Imágenes de páginas
PDF
EPUB

(264 F.)

by the Jasper Bank; and by him to the trustee for the insurance company, which deposited them in the Jasper Bank, taking the bank's obligation therefor in the form of its certificate of deposit. Undoubtedly the transaction was accomplished by bookkeeping entries, no money passing. In any event, the proceeds of Corbett's note never became a special deposit or fund, but were mingled with the Jasper Bank's moneys indiscriminately when deposited, and the bank's general obligation substituted for the actual money. The certificate of deposit evidenced no particular fund or money, but the obligation of the bank to repay in like amount as deposited out of any of its assets. There being no res in the control of the circuit court of Hamilton county, jurisdiction was not conferred on that court over the nonresidents by substituted or constructive service. After the Supreme. Court of Florida affirmed the appeal from the interlocutory order of the circuit court, sustaining the service, the nonresidents made no further appearance or answer, and the final decree, as to them, was one by default.

[3] It is contended by defendant in error that the effect of appealing from the interlocutory order by the plaintiff in error (defendant in the Corbett suit) was a general appearance on its part in that case, and conferred jurisdiction over its person on the circuit court on the remand of the case. The rule in Florida, differing from that which obtains in the federal courts, is to the effect that an appellant, though objecting to the sufficiency of service successfully, is considered in court upon the return of the case to the lower court.
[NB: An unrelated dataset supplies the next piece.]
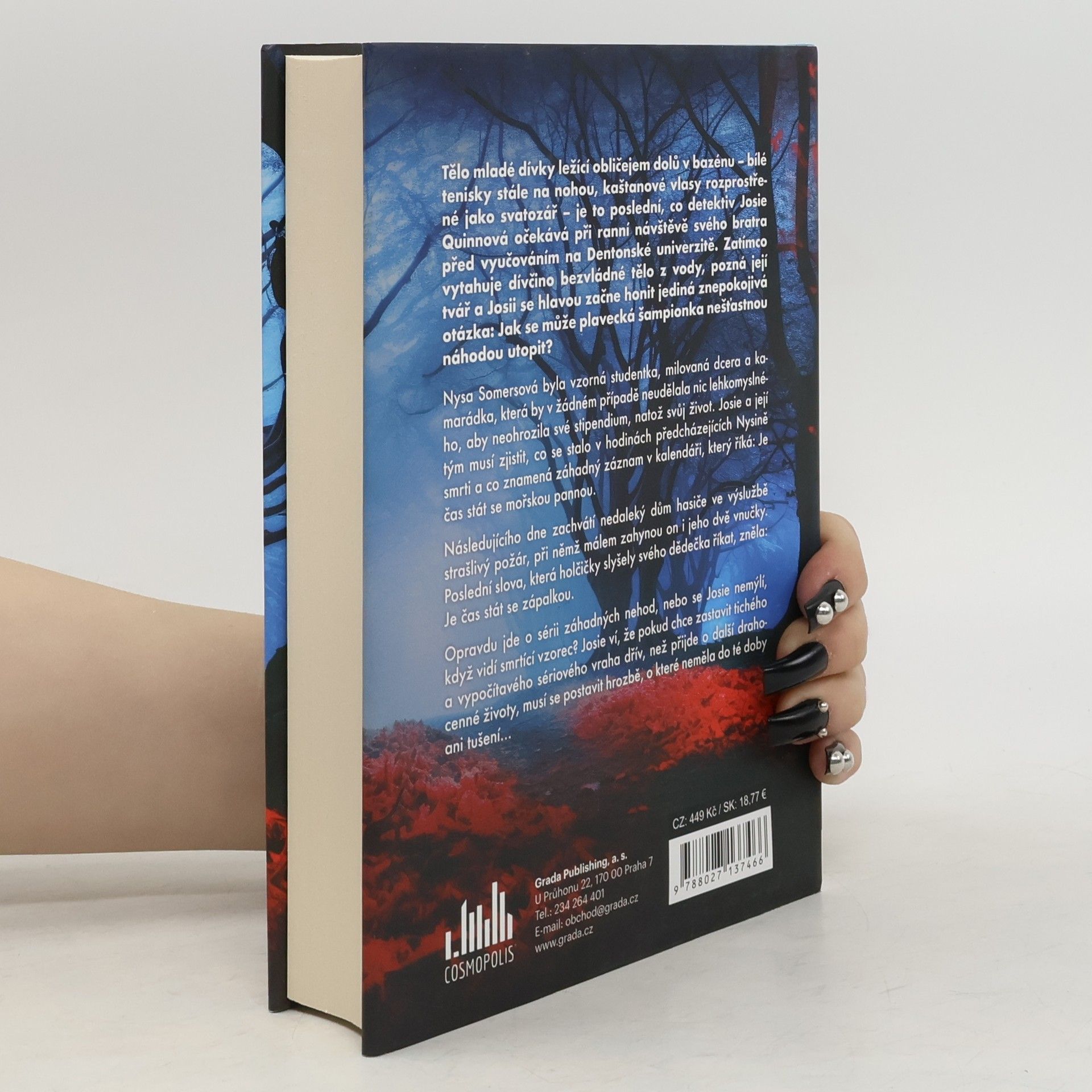 Tělo mladé dívky ležící obličejem dolů v bazénu je to poslední, co detektiv Josie Quinnová očekává při ranní návštěvě svého bratra na Dentonské univerzitě. Když však pozná dívčinu tvář, honí se Josii hlavou jediná otázka: Jak se může plavecká šampionka nešťastnou náhodou utopit? Následujícího dne zachvátí nedaleký dům hasiče ve výslužbě strašlivý požár, při němž málem zahyne on i jeho dvě vnučky. Opravdu jde o sérii záhadných úmrtí, nebo se Josie nemýlí, když vidí smrtící vzorec?

Conceding that this court will follow the rule of decision in the state court, in passing upon a judgment in that court, we think the Florida rule did not apply in the Corbett Case. The question of its applicability was suggested, but not decided, by the Supreme Court of Florida in its opinion in that case, because the appellee asked that the appeal be decided on another ground. The Supreme Court held that

"If the statute be followed, there is no right in the nonresident to quash this notice [by publication]; he has his right, if not waived, to object should the court thereafter commit an error against him."
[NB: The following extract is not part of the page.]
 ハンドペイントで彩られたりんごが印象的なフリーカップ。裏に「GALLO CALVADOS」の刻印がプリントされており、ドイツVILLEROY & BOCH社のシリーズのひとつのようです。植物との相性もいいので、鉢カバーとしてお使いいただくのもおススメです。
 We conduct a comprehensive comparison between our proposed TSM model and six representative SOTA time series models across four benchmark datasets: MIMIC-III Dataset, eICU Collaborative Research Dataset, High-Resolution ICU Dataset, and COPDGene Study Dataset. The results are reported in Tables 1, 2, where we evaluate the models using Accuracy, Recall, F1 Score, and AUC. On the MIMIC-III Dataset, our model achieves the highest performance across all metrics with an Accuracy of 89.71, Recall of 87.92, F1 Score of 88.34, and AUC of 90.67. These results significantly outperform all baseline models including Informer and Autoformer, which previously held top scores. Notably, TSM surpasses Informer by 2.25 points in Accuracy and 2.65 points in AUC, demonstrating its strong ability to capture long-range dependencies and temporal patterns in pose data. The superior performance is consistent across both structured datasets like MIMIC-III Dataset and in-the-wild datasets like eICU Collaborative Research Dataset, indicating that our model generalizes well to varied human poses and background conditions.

The order of the circuit court was for that reason affirmed, apparently leaving the sufficiency and effect of the substituted service to be determined by the character of relief awarded against the nonresidents upon final decree. The appeal was from an interlocutory order of the circuit court, which affected only the question of service. It was not an appeal from a final decree, upon which the insufficiency of service was assigned, with other error, as in the cases cited supporting the Florida rule. The Florida statute allowing appeals from interlocutory orders was held by its Supreme Court in the Corbett Case to cover an order affecting service only. No other question. than the rightful presence of the nonresidents in the circuit court by virtue of the substituted service was presented by the appeal.

If the rule contended for applies to such an interlocutory appeal, then the Florida Legislature and its Supreme Court did a futile thing. in providing a method of appealing from an order of the circuit court sustaining service, where the taking of the appeal itself by the party

complaining of service alone puts the party in court as effectually as if properly served, and renders the appeal ineffectual for any purpose. We are not prepared to extend the rule in Florida as to the effect as an appearance of the taking of an appeal from a final decree, upon which error based on the insufficiency of service was relied upon, with others, to an appeal from an interlocutory order, which involved only the question as to whether the appellant was rightfully in court, as in the Corbett Case.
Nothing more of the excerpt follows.